Monday, Jun. 24, 1940

"American Ship! American Ship!"

One morning last week the U. S. State Department instructed the U. S. Embassy in Berlin to let the German Government know that the S. S. Washington would sail from Lisbon that night loaded with U. S. refugees. The Washington, with 1,020 passengers aboard, duly sailed at 8 p.m.

At 5:30 the next morning the Washington was plowing northward through the fog to make a scheduled call at Galway, Eire. Below, 150 of her Catholic passengers were on their knees at early Mass conducted by the Rev. Henry D. Naber of Cincinnati when suddenly all the ship's sirens and alarms cut loose. As the consecration had just been reached, every Catholic remained kneeling until its conclusion. Then they joined other Washington passengers rushing in night clothes to the deck. From his cabin to the bridge hurried the Washington's worried captain, Harry Manning.

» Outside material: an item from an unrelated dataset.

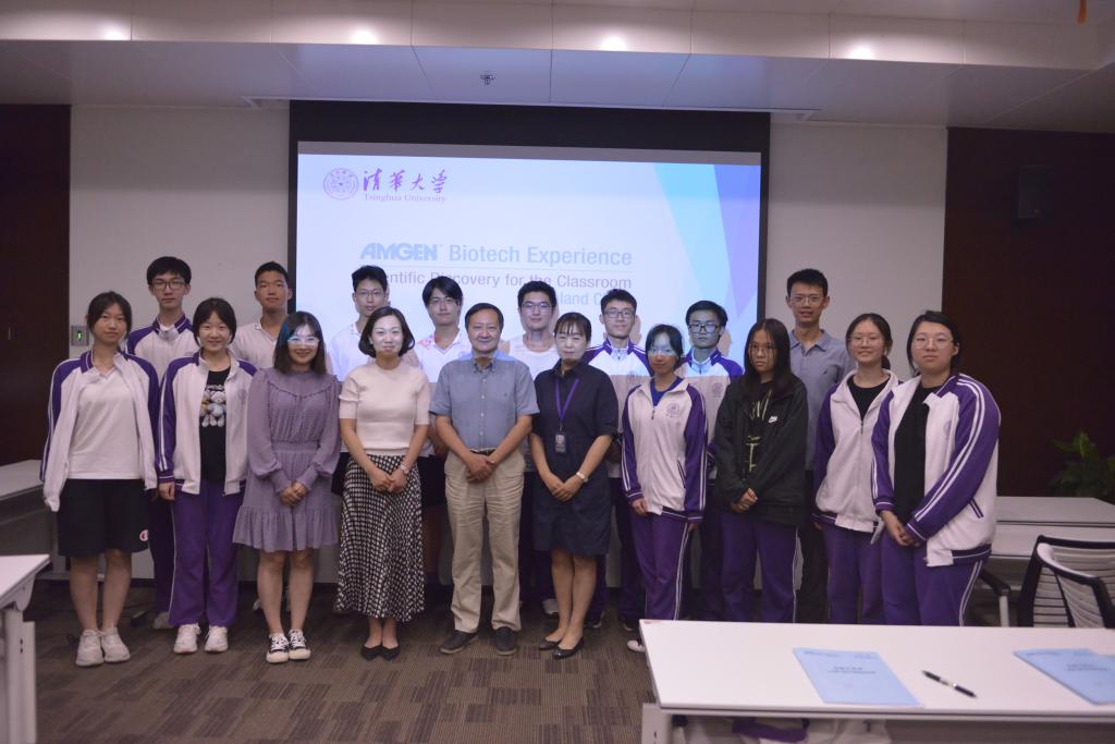 2023年6月14日,bg真人试玩高二年级16名同学前往清华大学生物医学馆参加全球性实验实操科普项目Amgen Biotech Experience(以下简称“ABE”)结业式。本期项目活动历时一学期,活动覆盖高二年级500余人,是ABE项目第一次走进中国大陆地区的高中校园,也是影响范围最大的一次活动。清华大学生命学院副院长刘栋、清华大学-北京大学生命科学联合中心(以下简称“生命中心”)办公室主任、ABE项目中国大陆地区负责人江轶、bg真人娱乐生物组组长刘健及项目指导老师崔樱子,任课教师王宣,徐敏参与此次结业式。

Through a light dawn mist the blinker tube of a submarine was winking.

"Stop ship. Ease-to ship. Torpedo ship."

The Washington confidently flashed back: "American ship!"

Submarine: "Leave ship."

Washington: "American ship! American ship!"

Submarine: "Ten minutes."

The ghostly dialogue paused. At the first leave-ship command, the sirens were sounded and the crew herded as many passengers as possible into lifeboats before the Washington was sunk by a torpedo. On the captain's orders, the ship's photographer clicked a record of the scene. In the chill dawn women and children began to pile into the boats. Faint light played over the flags painted on the Washington's sides, but the flag suspended between its funnels glowed under floodlights. Though ten minutes was not enough, there was no panic.

Toward the dark hulk of the waiting submarine the Washington kept her own signaling searchlight flashing ceaselessly: "American ship! American ship!"

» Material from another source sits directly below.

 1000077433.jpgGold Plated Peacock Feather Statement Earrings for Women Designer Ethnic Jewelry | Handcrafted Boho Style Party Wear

Just as the ten minutes expired, about 300 of the Washington's passengers had been placed in the boats, and some were being lowered. Then the submarine flashed again:

"Thought you were another ship. Please go on. Go on."

After this reprieve at dawn, the submarine dived, vanished. The Washington, without waiting to ask questions, steamed ahead, lifeboats still hanging on her stout sides. Not until the ship was well away from the scene did Captain Manning slow down to empty the boats. After all were brought back aboard, the Washington sighted another submarine. Taking no chances on his blinker this time, anxious Captain Manning worked an old sea trick by turning tail on the sub at such an angle that the Washington sailed toward the sun and its rays blinded the possible pursuer, which soon disappeared.

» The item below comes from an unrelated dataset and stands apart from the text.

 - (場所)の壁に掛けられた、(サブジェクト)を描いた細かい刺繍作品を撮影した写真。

Before the Washington reached Galway to pick up 852 more refugees, indignant cables from the U. S. State Department cracked out demands for an explanation. The State Department insisted that the German Government had full notice of the Washington's change of course to Galway, which had even appeared in Berlin newspaper reports. The German Foreign Office admitted that the sub was German, but replied that the State Department was "mistaken," that its official notification had arrived on Monday, too late for transmission to German submarine commanders. As for the Washington, said take-it-or-leave-it Berlin, it was mistaken by the U-boat commander for a Greek ship.

"I kept on blinking," said Captain Manning, "so as to keep his mind off the torpedo and occupied with our blinker. . . . My only hope was to stall him along until he could see the ship in the daylight . . . and thus make him realize what he was doing."